Quando al primo posto non c’è la vita nuova in Cristo, la vita del Corpo di Cristo che siamo noi, allora si intravede l’inizio di un processo di sclerosi che ci rimette in una situazione dove vincono le cose scheletriche, non vive, i formalismi di tutte le specie che non lasciano pulsare la vita.

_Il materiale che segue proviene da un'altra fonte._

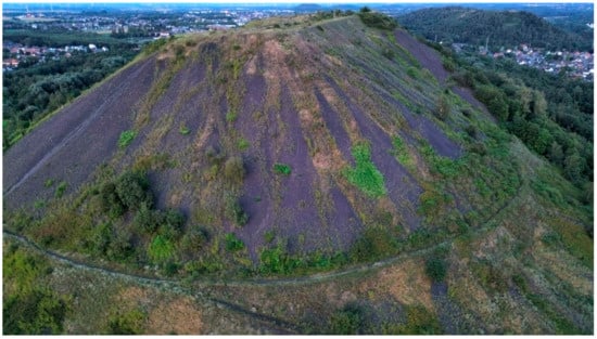 - Frenzel, M.; Hertwig, T.; Willscher, S.; Sohr, A. Branchenbezogene Merkblätter zur Altlastenbehandlung: 18: Steinkohlenbergehalden; Sächsisches Staatsministerium für Umwelt und Landwirtschaft: Dresden, Germany, 2009. [Google Scholar]

Alla donna dice: “La tua fede ti ha salvato” (Mc 5,34) e la sua fede è riassunta nel: “Se riuscirò anche solo a toccargli le vesti, sarò salva” (Mc 5,28). Questo ragionamento ha salvato la donna, perché, proprio come dice Solov’ev, è dalla fede che nasce un ragionamento giusto perché è un ragionamento che è partito da una relazione di fiducia e di affidamento assoluto. È questa fiducia, questo affidamento, questo amore per Cristo come Salvatore che mi fa nascere un pensiero, un ragionamento conforme a Cristo. La fede si vede sia nel modo di pensare sia nell’agire: “vista la loro fede” che faceva loro scoperchiare il tetto per calare il paralitico (cf Mc 2,5). È artificiale pensare che possa arrivare in modo inverso, fare le cose giuste per avere il pensiero giusto e conoscere Cristo, incontrarlo. Questa è l’angolatura sbagliata e oltretutto priva di libertà. A Giairo dice: “Non temere, tu solo continua ad aver fede” (Mc 5,36), tu solo affidati, tu solo continua a fare così come hai fatto, ti sei gettato ai piedi, che è lo stesso gesto che ha fatto anche un pagano (cf Mc 5,6). Questo è il punto di incontro tra il capo di una istituzione religiosa e un pagano indemoniato: la constatazione dell’insufficienza di sé che apre alla fede, fuori dalla religione prodotta che pensa a cosa bisognerebbe fare per far piacere a Dio, per essere salvati dalle proprie opere buone.
Il vangelo di oggi apre la prospettiva tra una relazione salvifica, che salva anche la carne, o una religione, cioè qualcosa che io creo o mi impegno a compiere per salvarmi ma che alla fine seppellisce me e gli altri intorno a me.